What the exercise asks:
Once you have located the line containing "#331‘Shiva’, een gepatineerd" in the material below, return it exactly along with each line after it through the line containing "Description:Connie Mack Stadium".

Information given:
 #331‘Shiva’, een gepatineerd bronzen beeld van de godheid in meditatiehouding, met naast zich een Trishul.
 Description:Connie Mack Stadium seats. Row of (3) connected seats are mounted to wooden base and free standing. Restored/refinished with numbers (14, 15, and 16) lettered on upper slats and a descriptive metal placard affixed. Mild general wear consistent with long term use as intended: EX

---

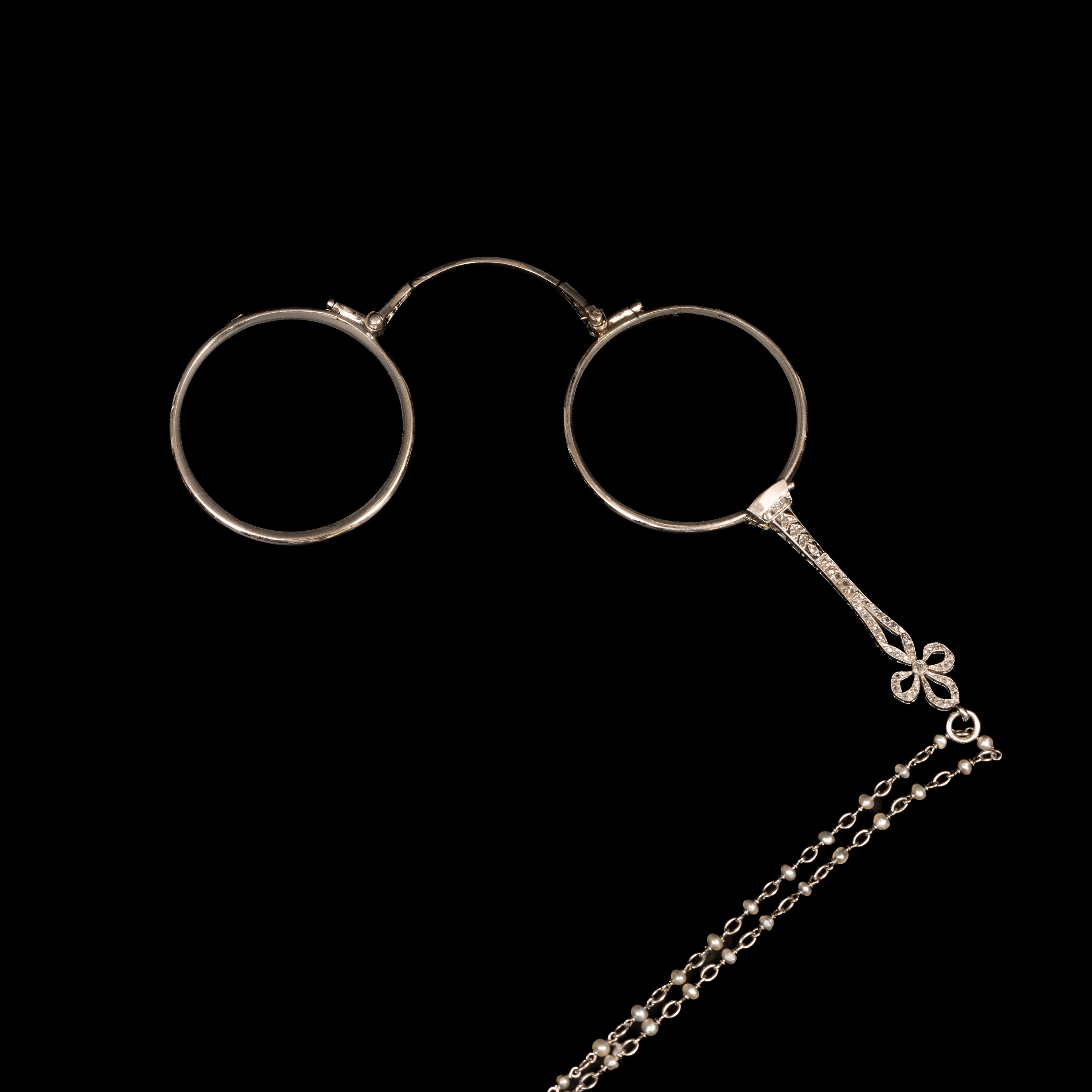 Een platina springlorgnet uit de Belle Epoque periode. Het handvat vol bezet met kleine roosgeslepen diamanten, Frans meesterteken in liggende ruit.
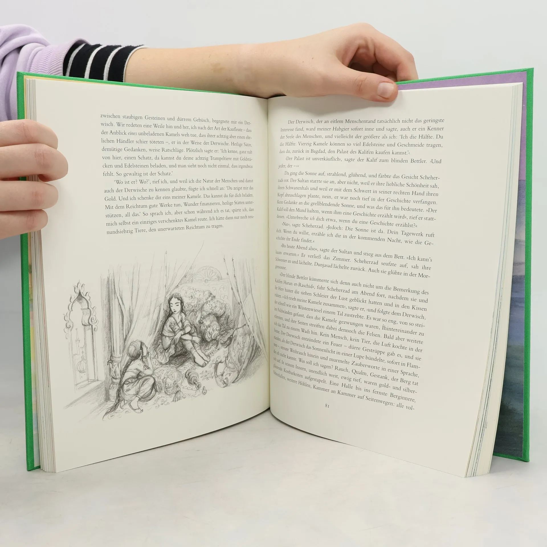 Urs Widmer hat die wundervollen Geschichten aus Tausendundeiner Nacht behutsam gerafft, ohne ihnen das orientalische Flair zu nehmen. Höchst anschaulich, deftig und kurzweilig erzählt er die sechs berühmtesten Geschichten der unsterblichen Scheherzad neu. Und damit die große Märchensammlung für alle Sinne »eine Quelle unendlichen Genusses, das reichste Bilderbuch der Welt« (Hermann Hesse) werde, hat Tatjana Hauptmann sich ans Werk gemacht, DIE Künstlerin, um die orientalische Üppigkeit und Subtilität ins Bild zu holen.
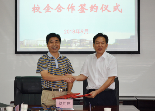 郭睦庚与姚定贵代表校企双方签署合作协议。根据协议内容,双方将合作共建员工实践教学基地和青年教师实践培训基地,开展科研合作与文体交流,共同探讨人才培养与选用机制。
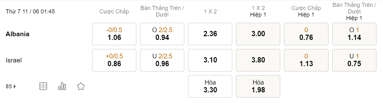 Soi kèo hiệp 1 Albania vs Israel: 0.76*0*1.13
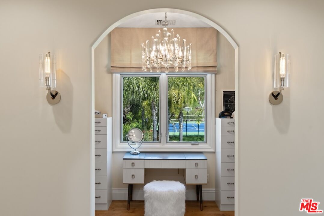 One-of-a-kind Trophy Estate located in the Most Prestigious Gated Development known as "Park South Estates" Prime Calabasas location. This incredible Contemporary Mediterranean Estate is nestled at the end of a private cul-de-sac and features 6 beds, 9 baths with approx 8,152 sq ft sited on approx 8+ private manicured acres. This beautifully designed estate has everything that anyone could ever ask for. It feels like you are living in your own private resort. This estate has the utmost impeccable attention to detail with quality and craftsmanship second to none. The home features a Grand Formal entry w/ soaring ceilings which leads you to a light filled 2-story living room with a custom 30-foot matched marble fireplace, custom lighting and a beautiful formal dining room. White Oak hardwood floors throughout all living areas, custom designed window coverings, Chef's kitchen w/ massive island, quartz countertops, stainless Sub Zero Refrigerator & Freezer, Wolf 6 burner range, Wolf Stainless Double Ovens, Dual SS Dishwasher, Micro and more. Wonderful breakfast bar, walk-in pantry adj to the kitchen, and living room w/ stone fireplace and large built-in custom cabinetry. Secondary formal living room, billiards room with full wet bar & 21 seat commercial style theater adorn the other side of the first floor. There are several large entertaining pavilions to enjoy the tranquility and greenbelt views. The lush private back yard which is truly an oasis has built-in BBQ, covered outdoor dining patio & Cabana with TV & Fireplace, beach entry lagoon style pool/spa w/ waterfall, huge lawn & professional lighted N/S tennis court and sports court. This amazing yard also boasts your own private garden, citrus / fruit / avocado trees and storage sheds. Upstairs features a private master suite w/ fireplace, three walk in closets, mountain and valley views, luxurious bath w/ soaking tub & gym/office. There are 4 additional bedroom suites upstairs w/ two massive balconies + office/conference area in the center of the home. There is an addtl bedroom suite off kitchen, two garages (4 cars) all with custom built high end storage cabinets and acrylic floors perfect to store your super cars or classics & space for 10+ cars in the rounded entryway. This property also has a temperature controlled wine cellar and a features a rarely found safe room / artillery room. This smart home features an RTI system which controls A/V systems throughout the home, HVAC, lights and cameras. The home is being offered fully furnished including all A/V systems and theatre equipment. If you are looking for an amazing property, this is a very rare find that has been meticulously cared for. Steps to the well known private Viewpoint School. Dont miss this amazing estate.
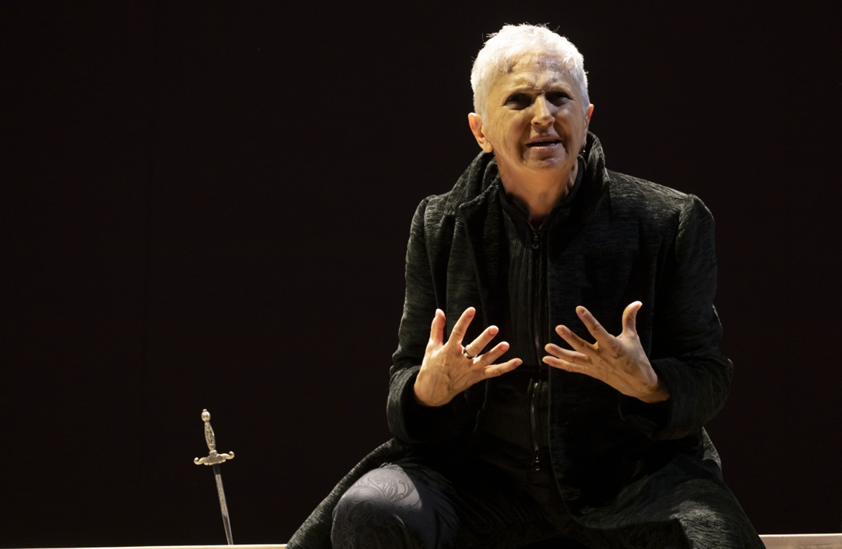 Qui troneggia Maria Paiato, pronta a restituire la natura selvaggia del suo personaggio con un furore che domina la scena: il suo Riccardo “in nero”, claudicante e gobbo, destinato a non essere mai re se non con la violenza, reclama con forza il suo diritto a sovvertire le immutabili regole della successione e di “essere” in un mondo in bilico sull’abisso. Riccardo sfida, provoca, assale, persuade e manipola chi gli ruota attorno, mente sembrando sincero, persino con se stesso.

--

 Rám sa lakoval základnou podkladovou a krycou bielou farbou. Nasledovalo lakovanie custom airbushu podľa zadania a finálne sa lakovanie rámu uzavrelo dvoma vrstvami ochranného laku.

Task result:
 #331‘Shiva’, een gepatineerd bronzen beeld van de godheid in meditatiehouding, met naast zich een Trishul.
 Description:Connie Mack Stadium seats. Row of (3) connected seats are mounted to wooden base and free standing. Restored/refinished with numbers (14, 15, and 16) lettered on upper slats and a descriptive metal placard affixed. Mild general wear consistent with long term use as intended: EX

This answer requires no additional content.